Meanwhile, Tony is well aware of their affair and realizes his rich wife is about to call the marriage quits, so he devises a plan. When Mark comes for his visit, Tony feigns a heavy workload, sending the lovebirds off to the theater without him. Then he arranges a meeting at his house with a former college schoolmate, Charles Swann (Anthony Dawson), under the pretense of buying his car, but really, he wants to blackmail him into murdering his wife, so he will naturally inherit all of her money before she has the chance to leave him. Tony has carefully planned everything out, but as these things go, something always goes wrong. Even though he and Mark will be attending a stag party and providing a well-established alibi, leaving Margot at home alone, she is able to thwart her own murder and kill her attacker in the process, forcing Tony to quickly improvise. If he can’t get rid of Margot in the way he planned, he can make it look like she intentionally killed Swann, sending her to the gallows. Will Tony’s perfect plans go down the drain when clever Chief Inspector Hubbard (John Williams) puts his own plan in motion?

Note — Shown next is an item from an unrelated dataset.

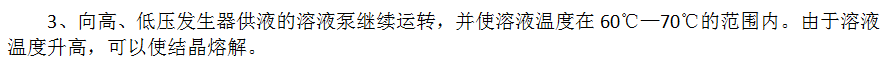 机组在运行中结晶,常发生在溶液热交换器浓液侧。如果结晶不严重,通过浓溶液经自熔晶管旁通到吸收器里,即可自行解除结晶,如果结晶严重,可按下列方法进行熔晶。

Dial M for Murder has been remastered for Blu-ray and Blu-ray 3D and while it looks good, there are still some areas where things look pixel-y. I do not have a 3D setup, so I wasn’t able to view Dial M for Murder in all of its 3D glory, but this is still a very old film and the remastered 2D version looks great. Special features are slim, though, and consist of only the theatrical trailer and a documentary called Hitchcock and Dial M, which seems to have been shot around the same time as the featurettes I recently saw on Strangers on a Train, since Peter Bogdanovich, M. Night Shyamalan and Patricia Hitchcock take part in it. The featurette is definitely worth watching, but it’s only about 20 minutes.
Overall, if Dial M for Murder isn’t already in your collection and you are a mystery/thriller fan, this is the version to get.